I recently was on the listing side of two wonderful, "very Berkeley" Arts & Crafts homes in North Berkeley. Neither of them had classic floor plans, but both had tremendous amounts of original wood and wonderful period details, multiple fireplaces, updated kitchens and larger than normal lot sizes. With a bit of planning and prompting, our local paper featured these homes in the Real Estate sections during their marketing period. That special marketing, an individual website for each property with lots of photos, plus marketing to a specialized group of Arts & Crafts and period home buffs, resulted in huge attendance at the open houses.
One was priced well IMHO, based on the comments I received from agents (though numerous buyers thought it was priced too high). The sellers had followed my advice on price, as well as on presentation. The property was vacant and staged in a manner that fit the home. This home also had spectacular views, both of Mt. Tam and Marin and also a direct view of SF. We received four offers, and it closed $150K above list price.
The second home was priced a wee bit high, again IMHO. That price was driven by the financial situation of the sellers. They also continued to live in the home, but did pack away many of their possession. Though I welcomed more than 300 people during two Sunday open homes, that property received two offers, and went just $1K above list. Interestingly, that home closed today at $1.4M, in an ALL CASH sale. Until quite recently it would have been rare indeed to see cash sales at such a high amount. But as jumbo loans become more difficult to acquire, especially in a timely fashion, we’ve seen more cash sales in Berkeley in the high end.

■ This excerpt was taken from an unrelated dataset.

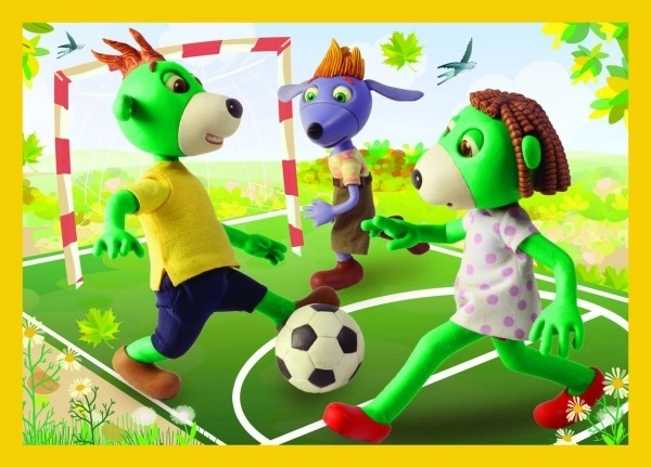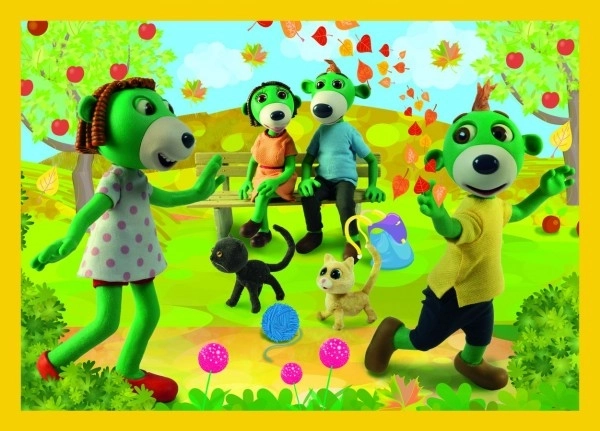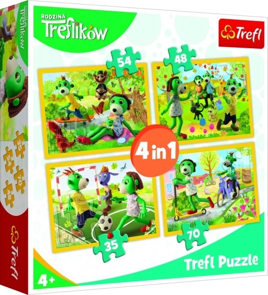 Faceți-le bucurie copiilor cu setul colorat de 4 puzzle-uri independente cu teme din îndrăgitul serial Familia Treflík. Fiecare imagine are un număr diferit de piese, astfel încât atât începătorii, cât și cei puțin mai avansați se pot bucura de asamblare. Datorită hârtiei speciale care reflectă lumina, piesele se disting mai bine, iar asamblarea este mai plăcută.

One obviously cannot determine a trend from just these two examples. But from my experience of living and working in North Berkeley for many years, I know that the differences in behavior were somewhat predictable. Now more than ever, buyers are very sensitive to prices that they perceive to be too high, even if by only a small percentage. They also are intolerant now of deferred maintenance or even a lack of updating that they would feel to be required. Two or three years ago buyers were much more forgiving of these aspects. Buyers have read so many stories about it’s being a buyers’ market, and they want it to be so. In North Berkeley right now, the special properties are still very much in demand, and the inventory of such properties is low. As I write this, there is one new listing at just over $2M, and five listings at $1.2M or higher that have been on the market for at least three weeks. What a great opportunity for brave sellers who are willing to trust their agents and the data, rather than listening to the prevaling news of doom and gloom!